■ **Task brief**
Where the data below contains pictures, omit them; output the rest word for word.

*** Data segment Section Begins ***

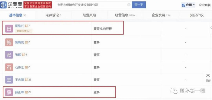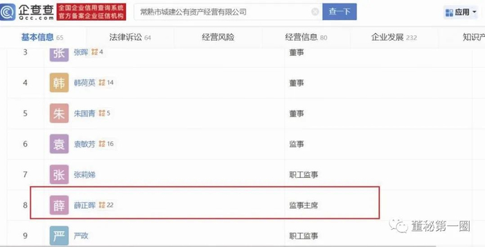 同时在大客户任职的中法水务董监高并非金科一人。企查查显示,中法水务董事薛正晖同时担任常熟江南水务董事(见图二),且为保障房公司现任监事(见图三);此外,其还在控股股东城建公司担任监事主席(见图四)。
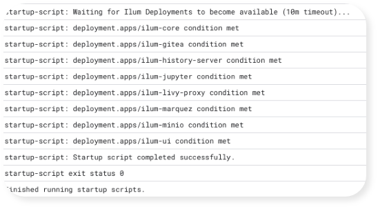 --metadata-from-file startup-script=start_vm.sh Once you have made all necessary adjustments, execute the code. Now, the machine should start up. This step installs Kubernetes, Helm, and Ilum so you can explore a development-grade data lakehouse on a single VM.
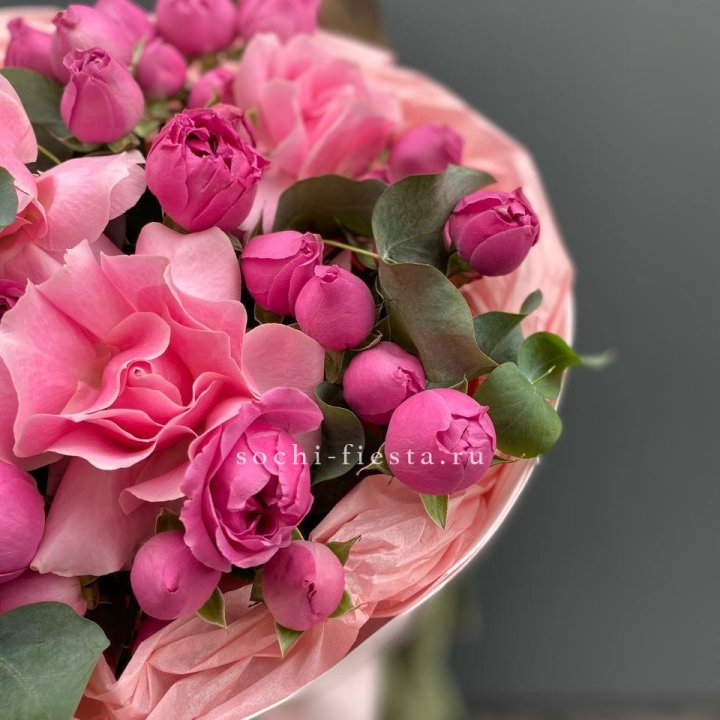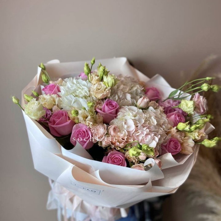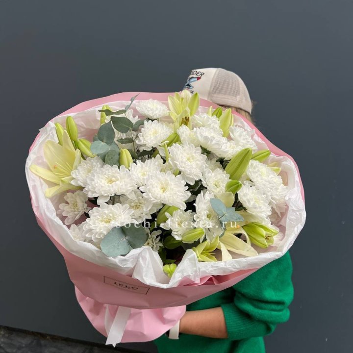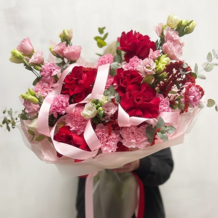 Зима и лето в Смоленске — розы и хризантемы как основа. Эти виды стабильны в поставках круглый год. Флорист дополняет их сезонными акцентами: хвойные ветви зимой, открытая эустома летом. Сборный букет в любое время года выглядит живым и актуальным.

*** Data segment Section Ends ***

■ **Solution to this exercise**
 同时在大客户任职的中法水务董监高并非金科一人。企查查显示,中法水务董事薛正晖同时担任常熟江南水务董事(见图二),且为保障房公司现任监事(见图三);此外,其还在控股股东城建公司担任监事主席(见图四)。
 --metadata-from-file startup-script=start_vm.sh Once you have made all necessary adjustments, execute the code. Now, the machine should start up. This step installs Kubernetes, Helm, and Ilum so you can explore a development-grade data lakehouse on a single VM.
 Зима и лето в Смоленске — розы и хризантемы как основа. Эти виды стабильны в поставках круглый год. Флорист дополняет их сезонными акцентами: хвойные ветви зимой, открытая эустома летом. Сборный букет в любое время года выглядит живым и актуальным.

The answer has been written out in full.